EXERCISE DATA:
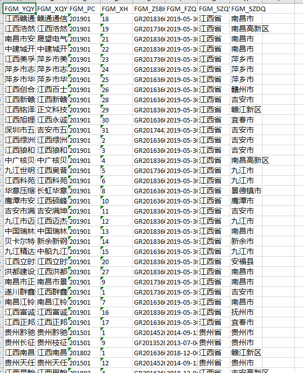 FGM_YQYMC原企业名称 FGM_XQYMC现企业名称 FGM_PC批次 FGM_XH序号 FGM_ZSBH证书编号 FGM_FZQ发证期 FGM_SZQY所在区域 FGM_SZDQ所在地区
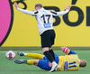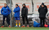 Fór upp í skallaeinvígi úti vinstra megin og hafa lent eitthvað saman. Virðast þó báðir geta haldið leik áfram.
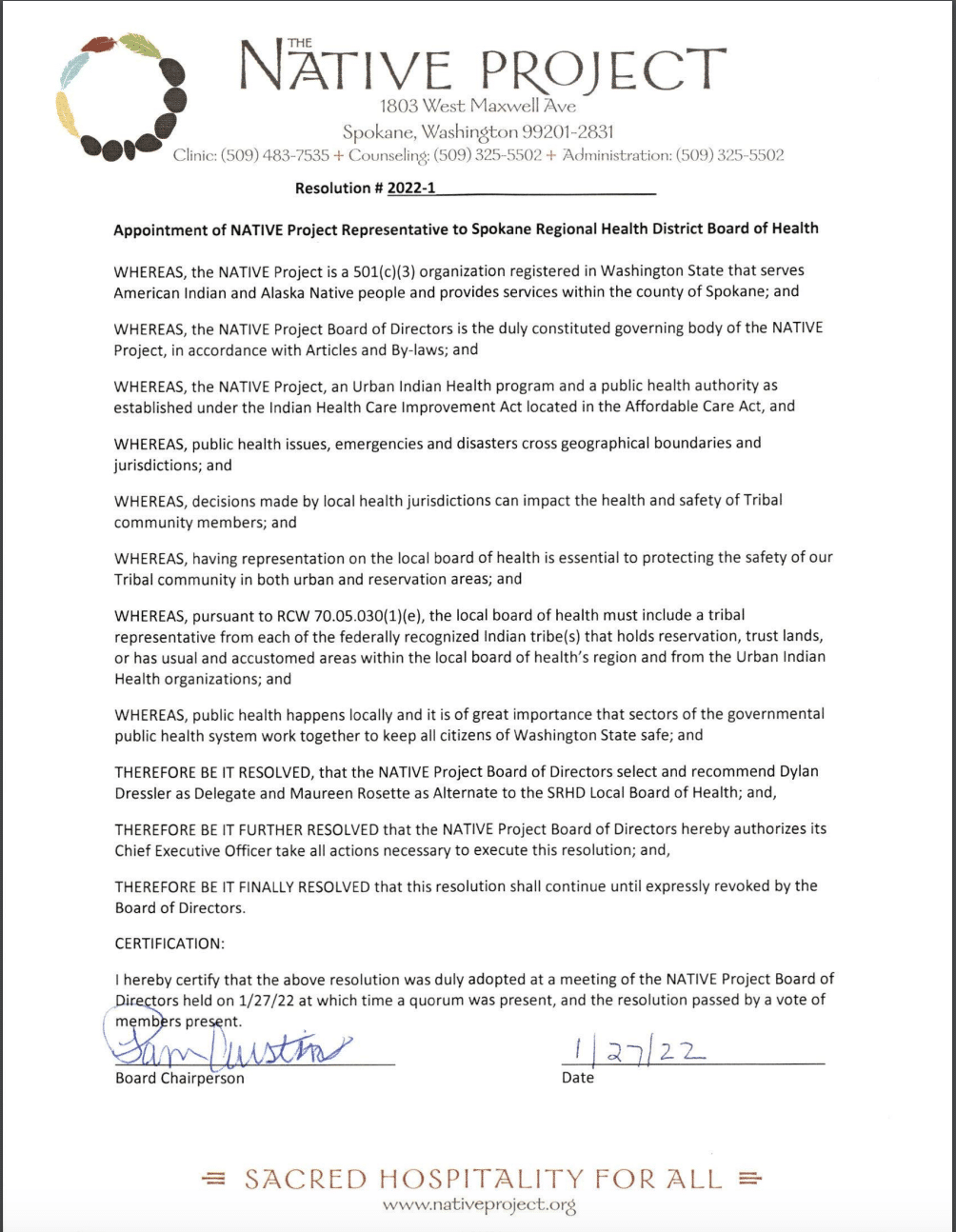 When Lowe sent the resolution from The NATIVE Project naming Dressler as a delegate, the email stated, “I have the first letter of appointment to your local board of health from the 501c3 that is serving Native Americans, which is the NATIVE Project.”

TO DO:
Return the complete data unchanged and include none of the pictures.

ANSWER BOX:
 FGM_YQYMC原企业名称 FGM_XQYMC现企业名称 FGM_PC批次 FGM_XH序号 FGM_ZSBH证书编号 FGM_FZQ发证期 FGM_SZQY所在区域 FGM_SZDQ所在地区
 Fór upp í skallaeinvígi úti vinstra megin og hafa lent eitthvað saman. Virðast þó báðir geta haldið leik áfram.
 When Lowe sent the resolution from The NATIVE Project naming Dressler as a delegate, the email stated, “I have the first letter of appointment to your local board of health from the 501c3 that is serving Native Americans, which is the NATIVE Project.”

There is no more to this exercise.